Work instruction = In this exercise, print only the lines of the records below from the one with "10月20日,由孔子研究院、" through the one with "Για OnePlus Nord", inclusive. Pictures are not part of the copy.
START Dataset
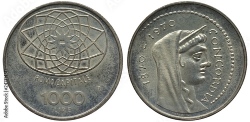 Italy Italian silver coin 1000 one thousand lira 1970, subject Centennial of Rome as capital, emblem above value, ancient woman right to dates,
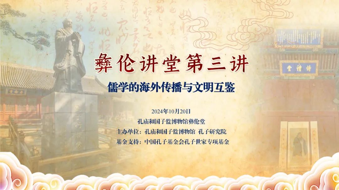10月20日,由孔子研究院、孔庙和国子监博物馆联合主办,中国孔子基金会孔子世家专项基金支持的彝伦讲堂第三讲在孔庙和国子监博物馆彝伦堂举行。此次活动以“儒学的海外传播与文明互鉴”为题,首次以会讲形式展开。
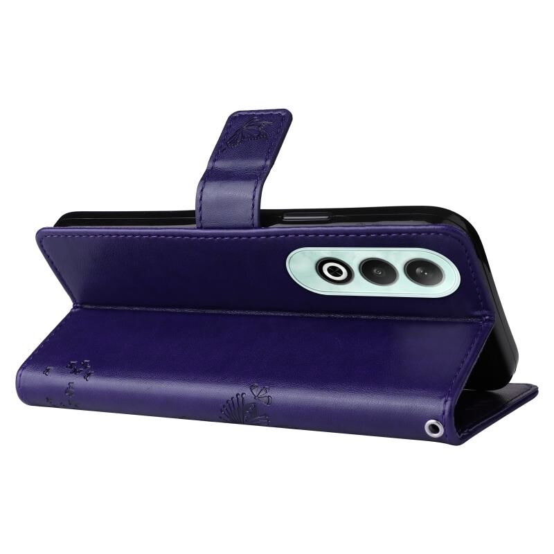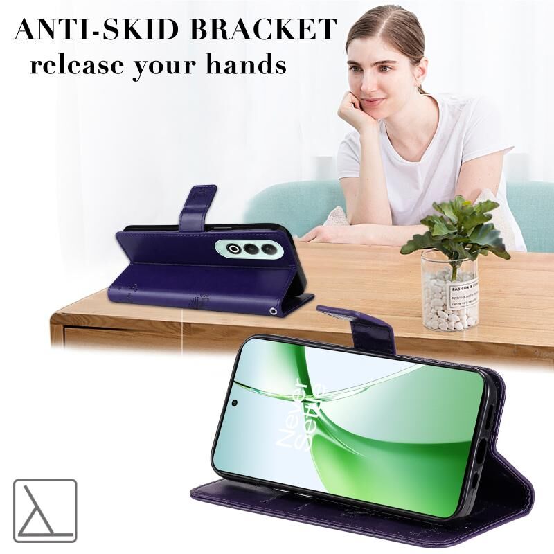 Για OnePlus Nord CE4 Δέντρο & Cat ανάγλυφο μοτίβο Flip υπόθεση τηλεφώνου δέρμα (μωβ)
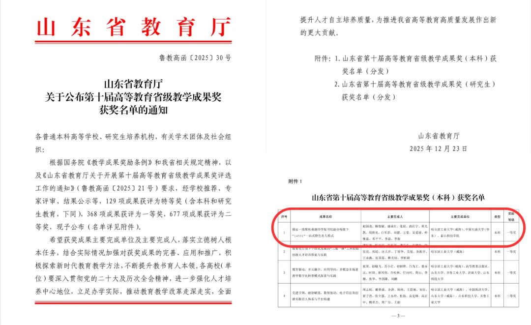 日前,山东省教育厅正式公布第十届高等教育省级教学成果奖获奖名单。泰山科技学院与哈尔滨工业大学(威海)、中国石油大学(华东)联合申报的教学成果《锚定一线聚焦难题的学院书院融合构架下“14591”一站式特色育人模式》荣获一等奖(本科类)。这是泰山科技学院在教育教学改革与协同育人领域取得的重要突破,也是校际合作、协同创新的又一标志性成果。书院制在集合社区服务、通识教育、专业培养与人格养成的“一站式”育人模式中显示出优势地位。
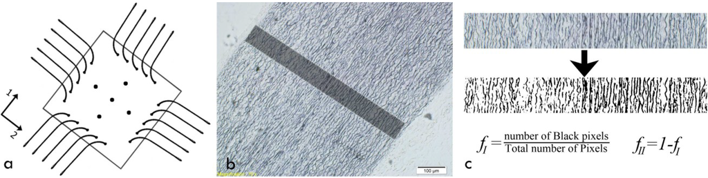 (a) A schematic of the sample under biaxial stretch; (b) Stained aortic media. Dark regions in this tissue section denote elastic fibers (Layer I), and light colored regions denote interlamellar zones, including collagen bundles, fine elastic fibers and smooth muscle cells (SMCs) (Layer II); (c) Volume fraction computation steps, including radial strip extraction, conversion to black and white and, finally, counting the number of pixels of the dark (Layer I) and light (Layer II) areas, as well as finding their proportion regarding the total number of pixels.
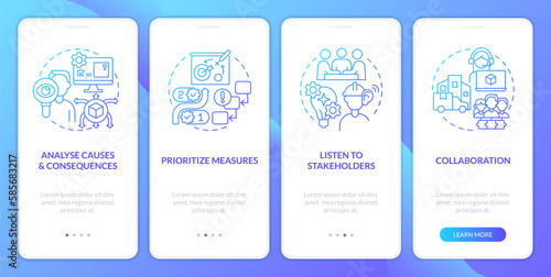 Disruption action plan blue gradient onboarding mobile app screen. Supply chain walkthrough 4 steps graphic instructions with linear concepts. UI, UX, GUI template. Myriad Pro-Bold, Regular fonts used
END Dataset
Response =
10月20日,由孔子研究院、孔庙和国子监博物馆联合主办,中国孔子基金会孔子世家专项基金支持的彝伦讲堂第三讲在孔庙和国子监博物馆彝伦堂举行。此次活动以“儒学的海外传播与文明互鉴”为题,首次以会讲形式展开。
 Για OnePlus Nord CE4 Δέντρο & Cat ανάγλυφο μοτίβο Flip υπόθεση τηλεφώνου δέρμα (μωβ)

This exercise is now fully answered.